The P-Value Problem in Psychiatry

Stanford researcher writes that readers should check the effect size of results instead of looking at the p-value.


The importance of the P-value is often misunderstood and has been at the center of statistics debates for 20 years, writes Stanford researcher Helena Chmura Kraemer. Writing in JAMA Psychiatry, she notes that there have been calls to ban the statistic for being misleading. She has a simple solution, though:

“Whether P values are banned matters little. All readers (reviewers, patients, clinicians, policymakers, and researchers) can just ignore P values and focus on the quality of research studies and effect sizes to guide decision-making.”

Photo credit:, CC BY 2.0

The P-value is a statistic, expressed as p < a number (i.e., p < 0.05). This statistic measures the possibility of finding the results by chance (in this case, less than 5%), assuming that the null hypothesis is true. That is, it doesn’t measure whether that hypothesis is true; it simply measures the strength of a study to find evidence disproving it.

According to Kraemer, “The P-value does not give the probability that the hypothesis being tested is false (i.e., that the null hypothesis is true); nor is it true that the smaller the P-value, the stronger the hypothesis being tested.”

This leads to problems when the P-value is misinterpreted. For instance, an article in Aeon describes some scenarios in which P-value is easily misunderstood.

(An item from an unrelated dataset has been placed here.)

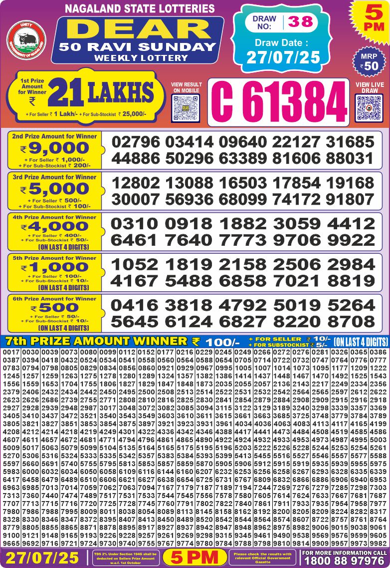 RESULT DEAR 50 RAVI SUNDAY WEEKLY LOTTERY 27.07.2025 Leave a Comment on RESULT DEAR 50 RAVI SUNDAY WEEKLY LOTTERY 27.07.2025 Share: XFacebookPinterestRedditVKDiggLinkedinMix

Kraemer provides a clear example: imagine a hypothetical scenario in which researchers could identify people “at-risk” for developing an illness within ten years. In the general population, the risk of developing the illness is 10%. But the researchers hypothesize that in their “at-risk” sample, the risk will be larger than 10%. They conduct a study to find out—they use their measure to find “at-risk” people and then follow them to see if they develop the illness at a rate higher than 10%.

Let’s say their “at-risk” sample has a rate of 11%. That would be a pretty meaningless increase—one additional person out of every 100 would be identified by this “at-risk” designation. However, it might be statistically significant because there is a real difference between the two groups.

As the sample size of the study increases, the P-value becomes smaller and smaller: if there are 100 people in the study, P is approximately .37, a non-significant number. In that case, the study fails to find the effect, even though it is real. If there were 2500 people, though, P is about .05—the research is just on the verge of confirming the effect. Increase the sample to 50,000 people, and the P-value appears tiny, making it statistically significant (about 5 × 10−14).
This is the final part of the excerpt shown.